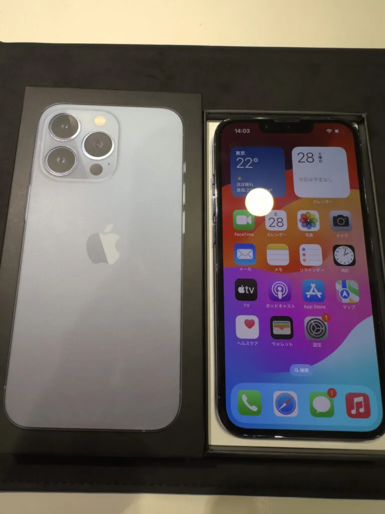 お買取した端末は『iPhone13Pro 256GB シエラブルー 中古 本体 箱 有り 海外モデル版』でございます。
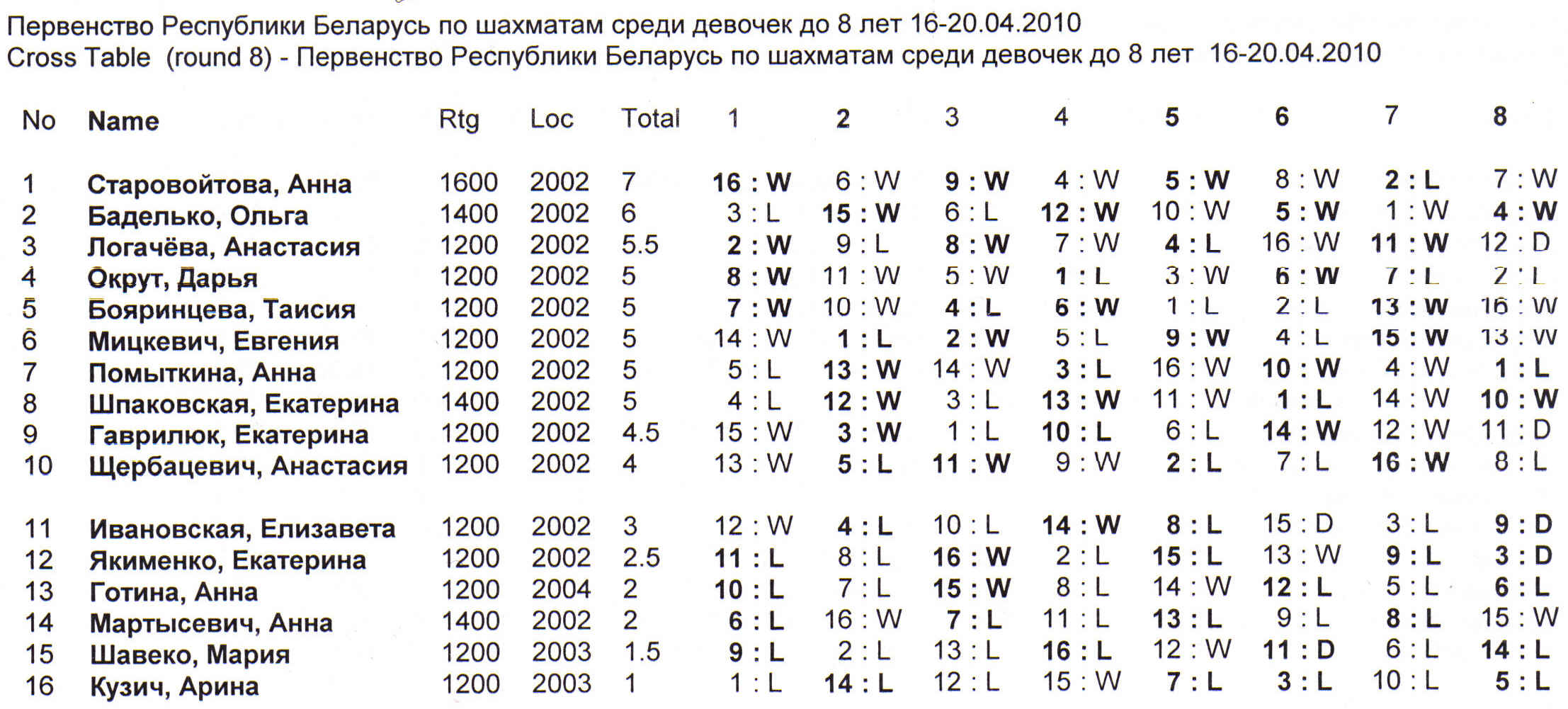 Чемпионкой Беларуси среди девочек до 8 лет 2010 года стала Анна Старовойтова (7 очков из 8). Серебрянным призером — еще одна могилевчанка Ольга Баделько (6 очков). А обладательницей бронзовой награды стала юная жительница Гомеля — Анастасия Логачева (5,5).Поздравляем!
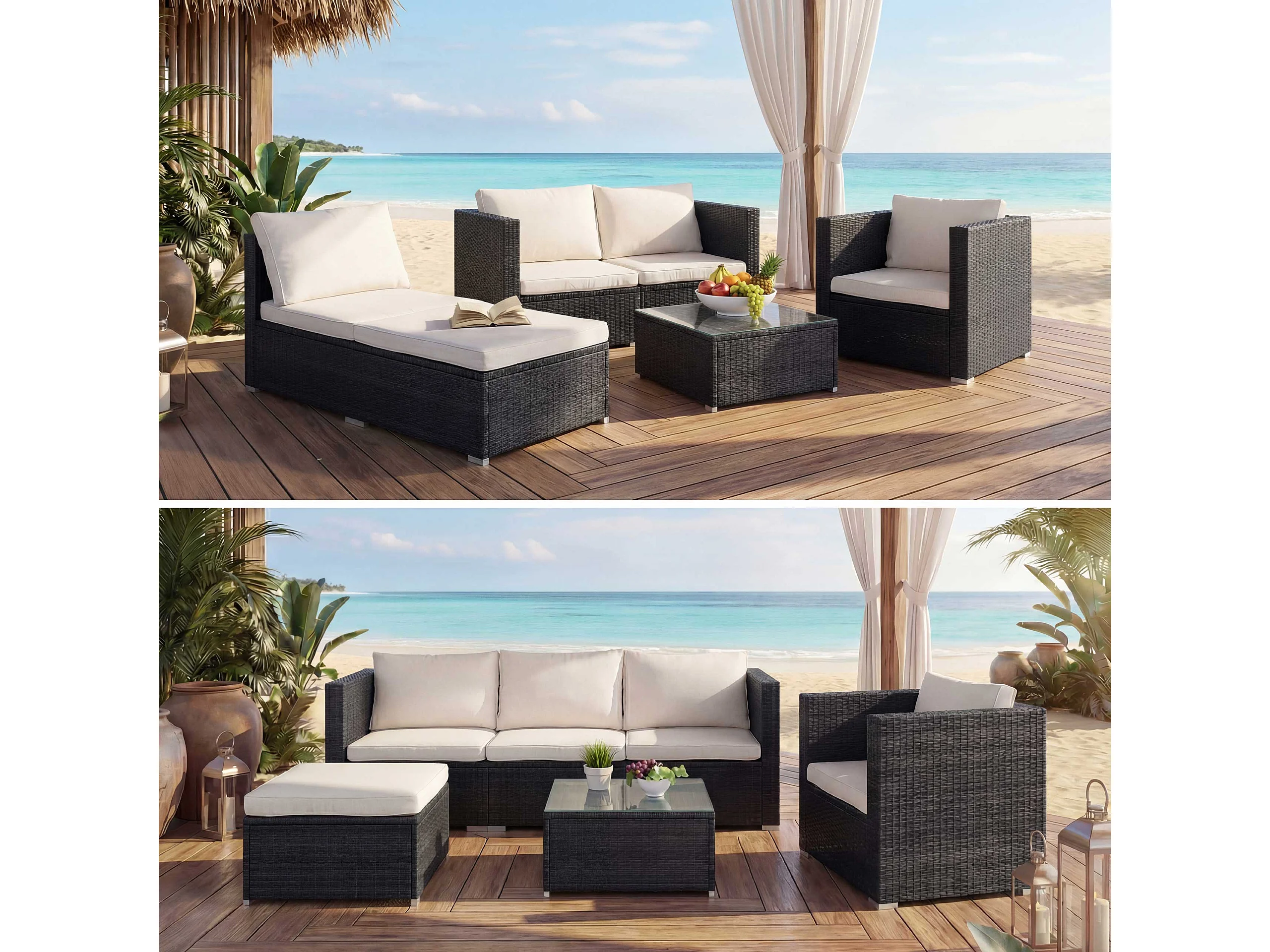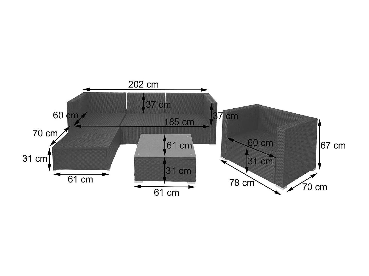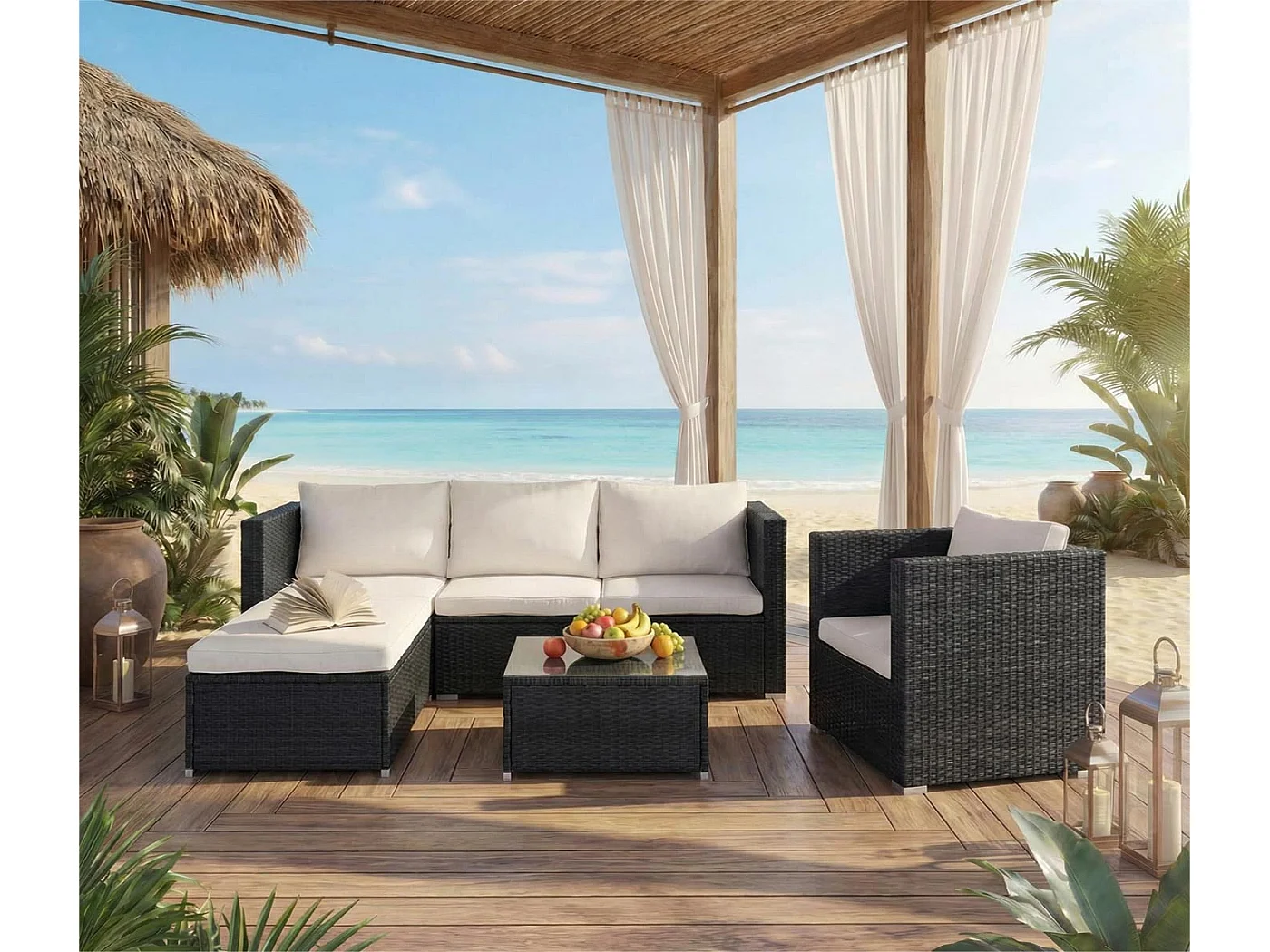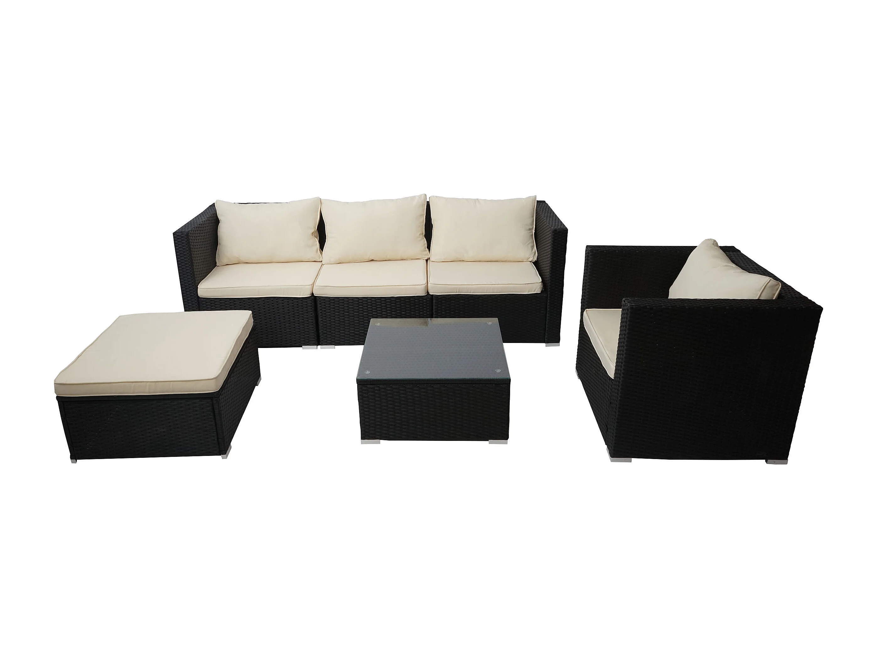 Zestaw z polirattanowym wykończeniem Busto, czarny, poduszki w kolorze kremowym
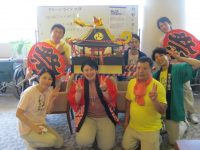 一通り各階を回り終えたところでおみこしの登場、「わっしょい、わっしょい」と威勢の良い掛け声とともに各階を練り歩きました。お部屋に戻られた方などもいらっしゃた為、廊下を練り歩き呼ばれればお部屋の中までお邪魔しました。

────────────────────────────────────────

- **Exercise aim**
Extract, word for word, every line from the one holding "Zestaw z polirattanowym" through the closing line of the data above. Do not include any pictures.

- **Solution to this problem**
 Zestaw z polirattanowym wykończeniem Busto, czarny, poduszki w kolorze kremowym
 一通り各階を回り終えたところでおみこしの登場、「わっしょい、わっしょい」と威勢の良い掛け声とともに各階を練り歩きました。お部屋に戻られた方などもいらっしゃた為、廊下を練り歩き呼ばれればお部屋の中までお邪魔しました。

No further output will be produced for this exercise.